— REQUIRED WORK —
In your copy, leave out the pictures; write out all the data exactly.

INFORMATION SHOWN: Begin

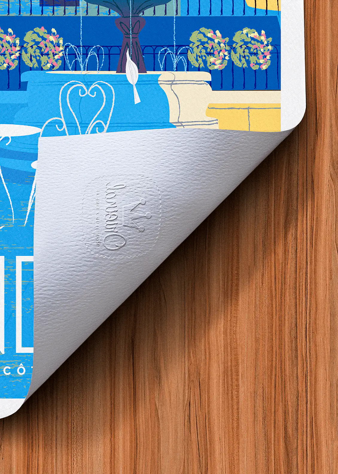 Un gaufrage discret, apposé directement sur le papier, certifie l’origine et la qualité du tirage. Ce sceau inaltérable est une marque d’authenticité.
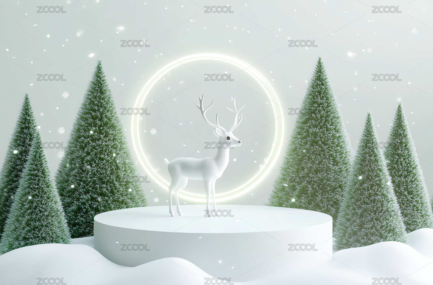 纯白冬季雪景小鹿雕塑
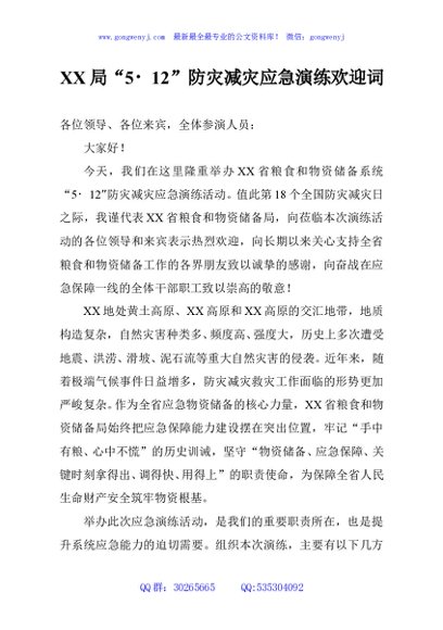 / XX局“5 12”防灾减灾应急演练欢迎词
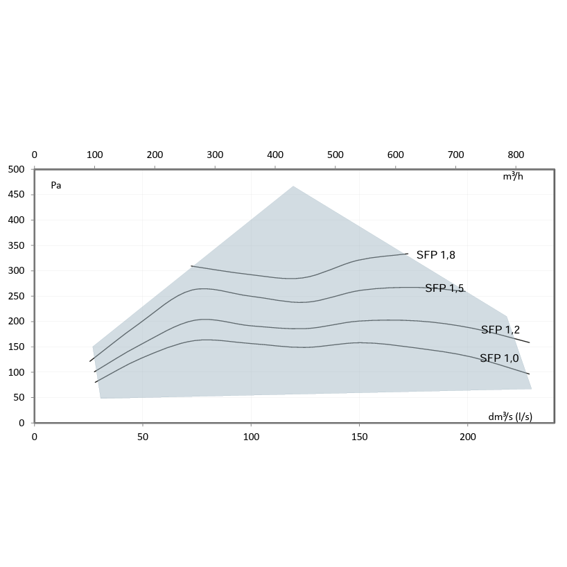- 800 m³/h oro srautas ir 200 Pa slėgis.

INFORMATION SHOWN: End

— SOLUTION TO THIS PROBLEM —
 Un gaufrage discret, apposé directement sur le papier, certifie l’origine et la qualité du tirage. Ce sceau inaltérable est une marque d’authenticité.
 纯白冬季雪景小鹿雕塑
 / XX局“5 12”防灾减灾应急演练欢迎词
- 800 m³/h oro srautas ir 200 Pa slėgis.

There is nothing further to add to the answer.